__Exercise instructions__: Could the listing be repeated exactly, with every picture dropped?

+++ Recorded information +++

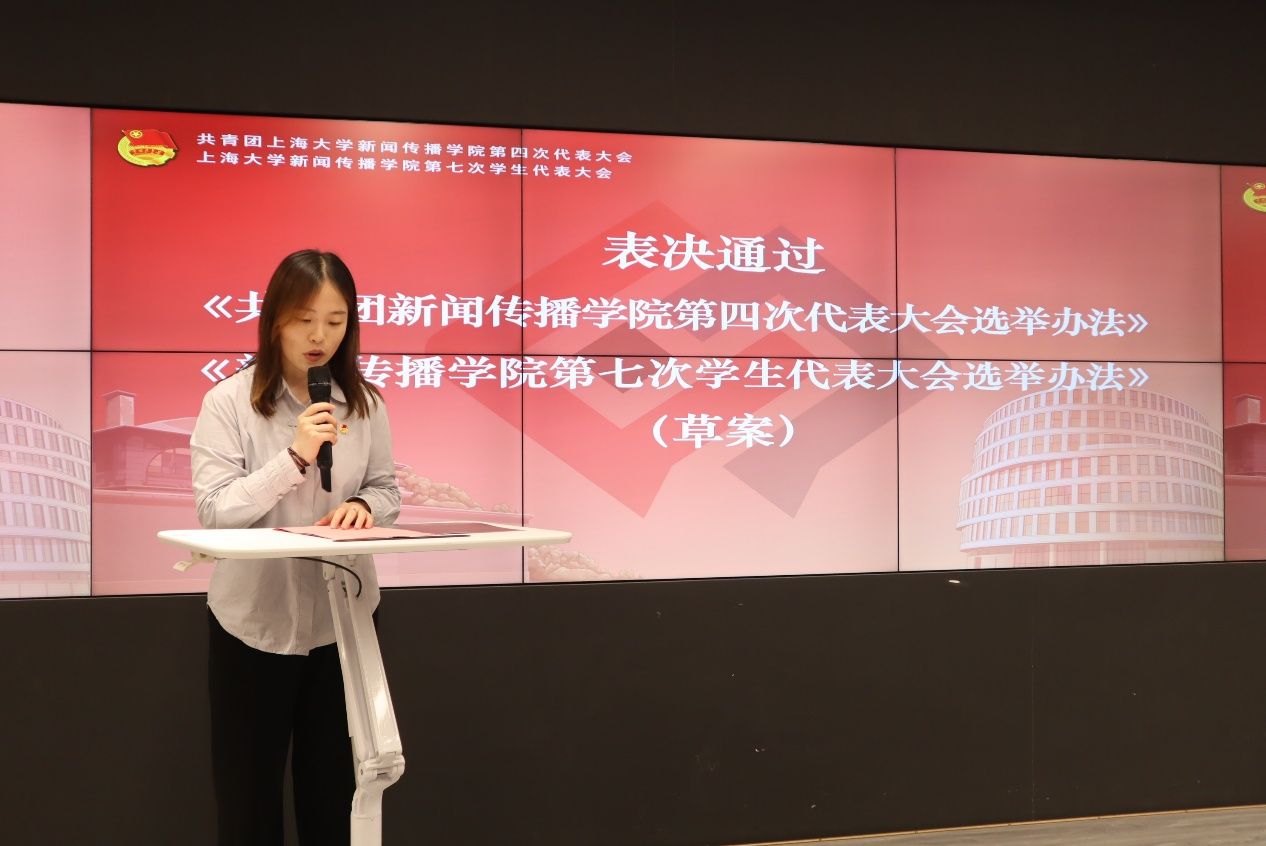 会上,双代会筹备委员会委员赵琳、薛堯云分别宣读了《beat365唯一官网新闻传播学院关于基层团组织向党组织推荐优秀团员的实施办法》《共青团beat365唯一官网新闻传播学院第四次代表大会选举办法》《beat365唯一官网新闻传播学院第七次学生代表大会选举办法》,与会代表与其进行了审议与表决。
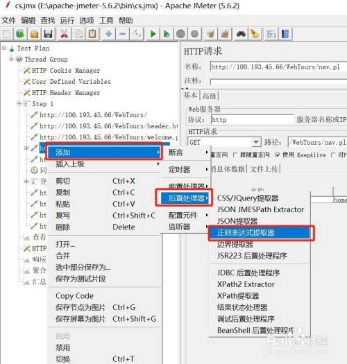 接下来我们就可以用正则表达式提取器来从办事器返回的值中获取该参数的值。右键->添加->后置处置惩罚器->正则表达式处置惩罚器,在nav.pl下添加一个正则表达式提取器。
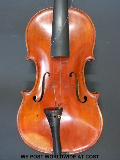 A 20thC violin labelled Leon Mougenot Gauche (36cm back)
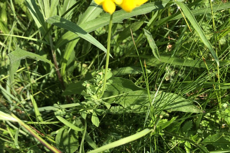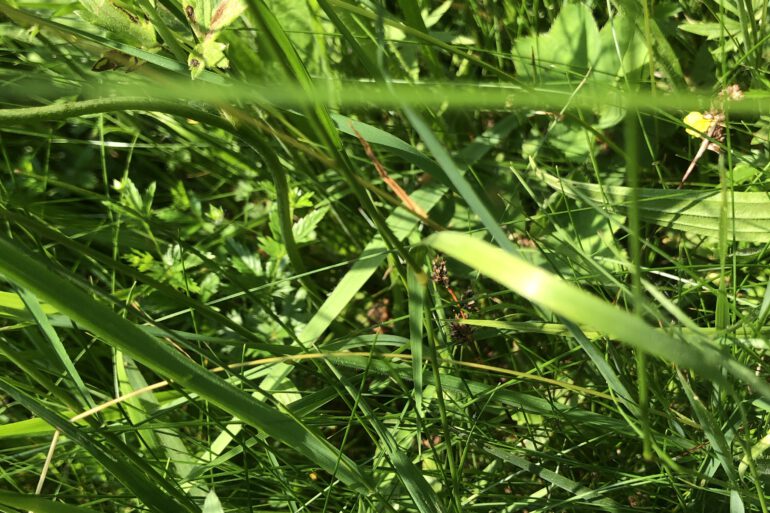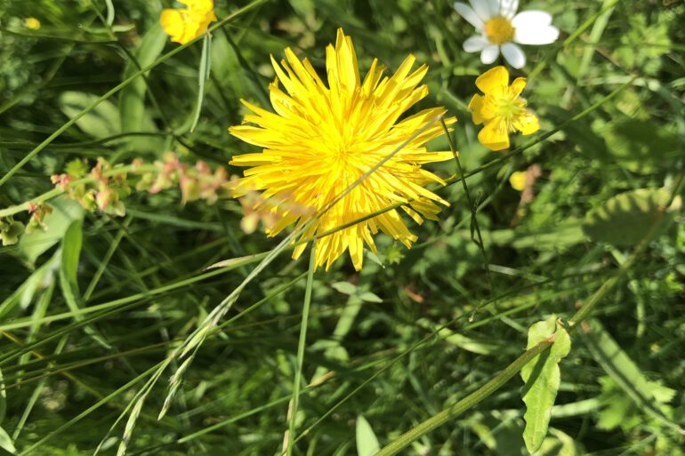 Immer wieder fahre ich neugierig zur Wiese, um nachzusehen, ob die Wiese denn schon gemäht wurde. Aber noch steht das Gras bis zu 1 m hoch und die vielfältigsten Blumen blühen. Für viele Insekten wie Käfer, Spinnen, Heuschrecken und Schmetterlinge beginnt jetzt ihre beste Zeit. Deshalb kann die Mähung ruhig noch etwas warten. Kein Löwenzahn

+++

__Solution to this task__:
 会上,双代会筹备委员会委员赵琳、薛堯云分别宣读了《beat365唯一官网新闻传播学院关于基层团组织向党组织推荐优秀团员的实施办法》《共青团beat365唯一官网新闻传播学院第四次代表大会选举办法》《beat365唯一官网新闻传播学院第七次学生代表大会选举办法》,与会代表与其进行了审议与表决。
 接下来我们就可以用正则表达式提取器来从办事器返回的值中获取该参数的值。右键->添加->后置处置惩罚器->正则表达式处置惩罚器,在nav.pl下添加一个正则表达式提取器。
 A 20thC violin labelled Leon Mougenot Gauche (36cm back)
 Immer wieder fahre ich neugierig zur Wiese, um nachzusehen, ob die Wiese denn schon gemäht wurde. Aber noch steht das Gras bis zu 1 m hoch und die vielfältigsten Blumen blühen. Für viele Insekten wie Käfer, Spinnen, Heuschrecken und Schmetterlinge beginnt jetzt ihre beste Zeit. Deshalb kann die Mähung ruhig noch etwas warten. Kein Löwenzahn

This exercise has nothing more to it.